Continuing the line of studies carried out by us previously [30,31], in this paper, we present a VR system together with an odor device for autobiographical memory retrieval, but, this time, using a qualitative analysis. To the best of our knowledge, we are the first from this series of experiments to add olfactory stimulation (thus representing a mixed-reality procedure) and offer the participants the opportunity to interact with the virtual environment by manipulating virtual objects with their virtual hands. This is an advancement to what exists currently and provides original research elements for our paper. Also, considering that we use a qualitative analysis of the results, this study can surprise, to a greater extent, the emotional experiences of the participants. This we consider another novelty of the research reported in this paper, as most of the published research for such systems is quantitative in nature.
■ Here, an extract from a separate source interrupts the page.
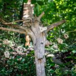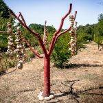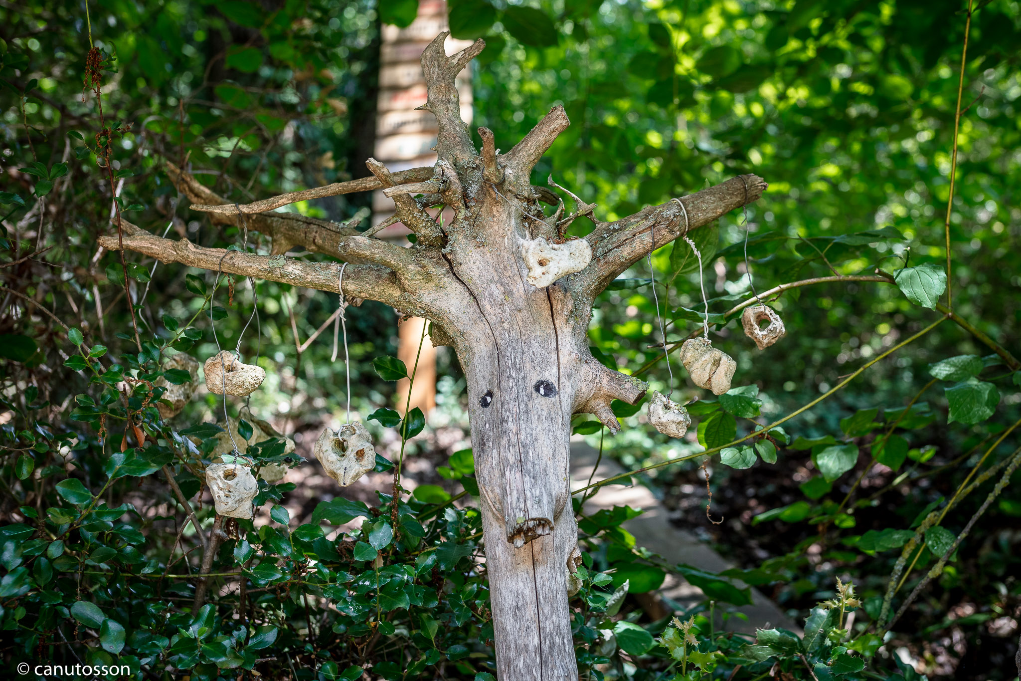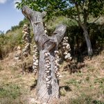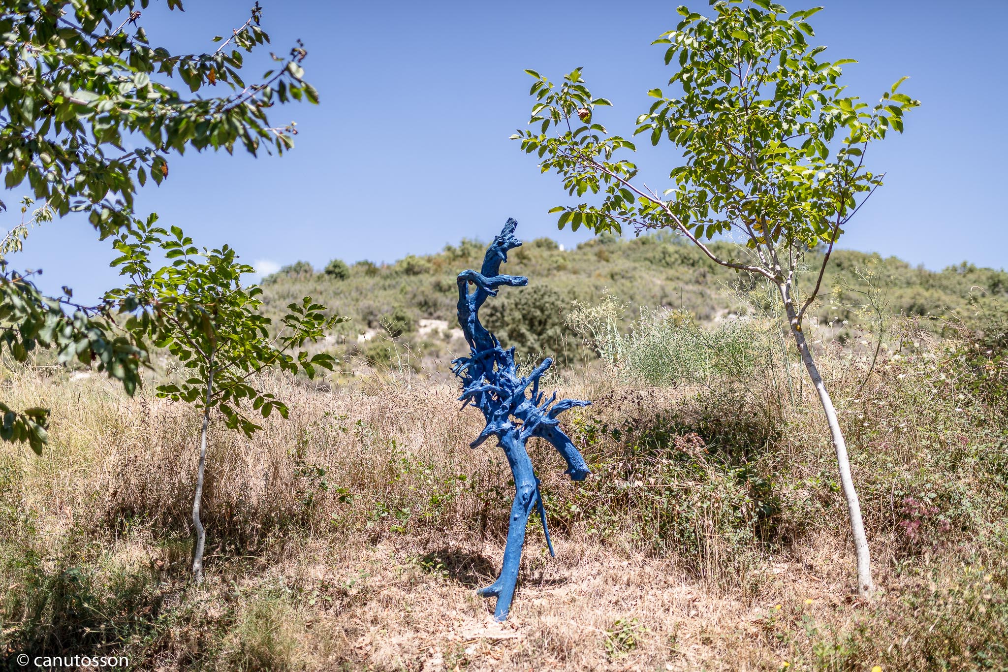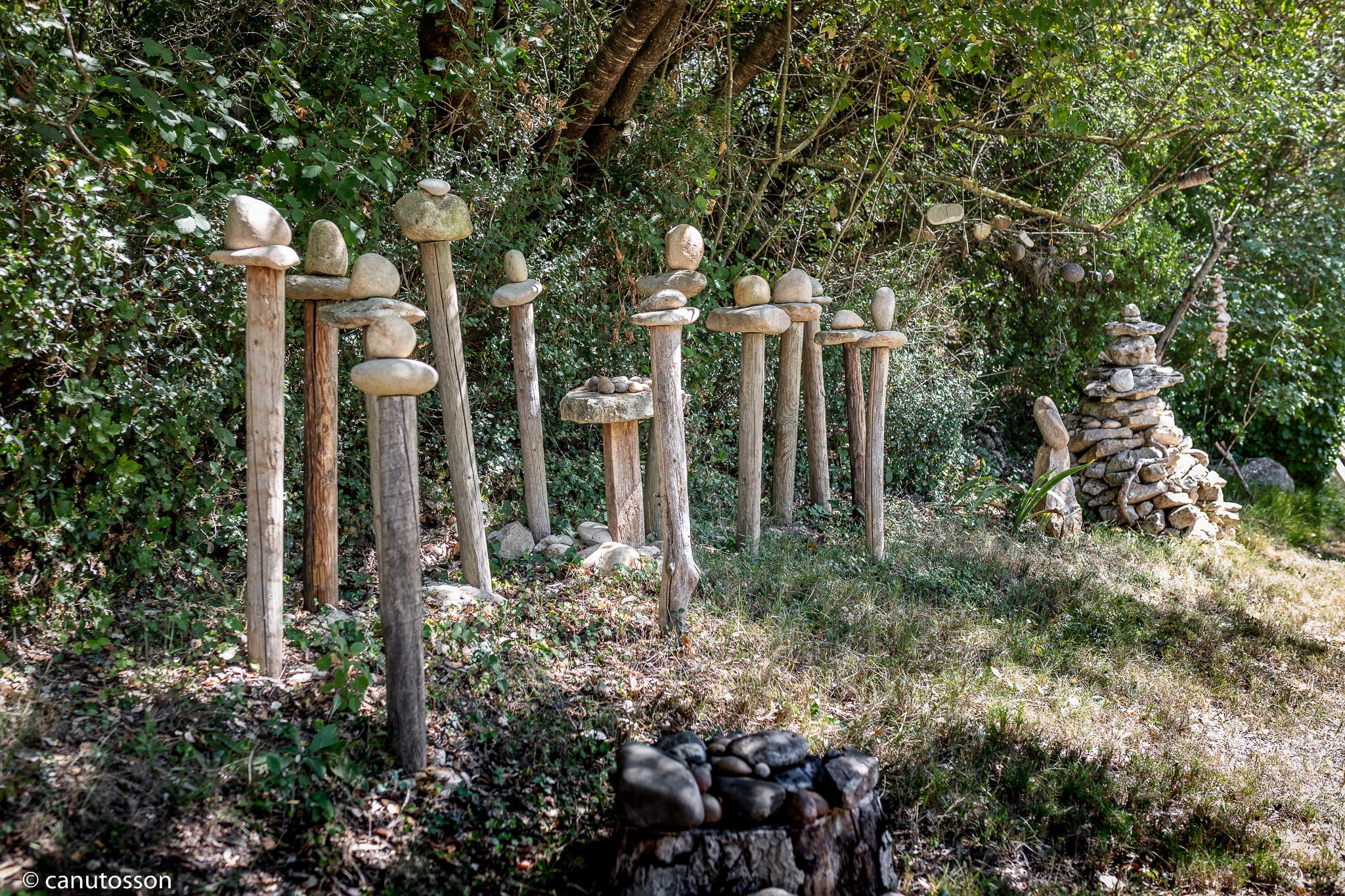 Hoy día, con 16 lustros a sus espaldas y como seglar ha vuelto a su pueblo natal. Muy cerca de él, en una estrecha franja de terreno heredado al pie de la carretera NA-132-A que llama «El Jardín» ha ido instalando toda una constelación de obras que podríamos considerarlas como arte efímero producto de su incansable búsqueda y pasión por dar rienda suelta a tu capacidad creativa.

So, the objectives of this exploratory study are (1) to build a prototype of a multisensory VR device capable of triggering autobiographical memories and (2) to test its effects in a qualitative study, from the point of view of positive emotions triggered, of reducing the momentary level of stress, and of improving the quality of autobiographical memories. This research was performed under Arut Grant No. 27/09/10/2023, “Intelligent VR system for treating autobiographical/episodic memory deficits”.

2. Material and Methods

To enhance the VR experience, one potential strategy involves integrating an olfactory dimension. This innovative approach can significantly improve user engagement, especially when combined with visual stimuli. In order to trigger the autobiographical recall, we used the combination of smell + congruent visual context, as shown in Figure 1 (for example, an orchard where there is a box of oranges on a table, which when the subject takes them to the nose—using the virtual hands—an odor diffuser releases the smell of oranges). As in our previous experiments, we used common, familiar odors [20,30]. It is known from the literature that the recall effect is accentuated by the familiarity of smells and not so much by their pleasant character [27]. The images were constructed to be consistent (or congruent) with the odors.
In order to disperse scents effectively, a dispersing mechanism was employed, distributing 2 separate odors—orange and chamomile.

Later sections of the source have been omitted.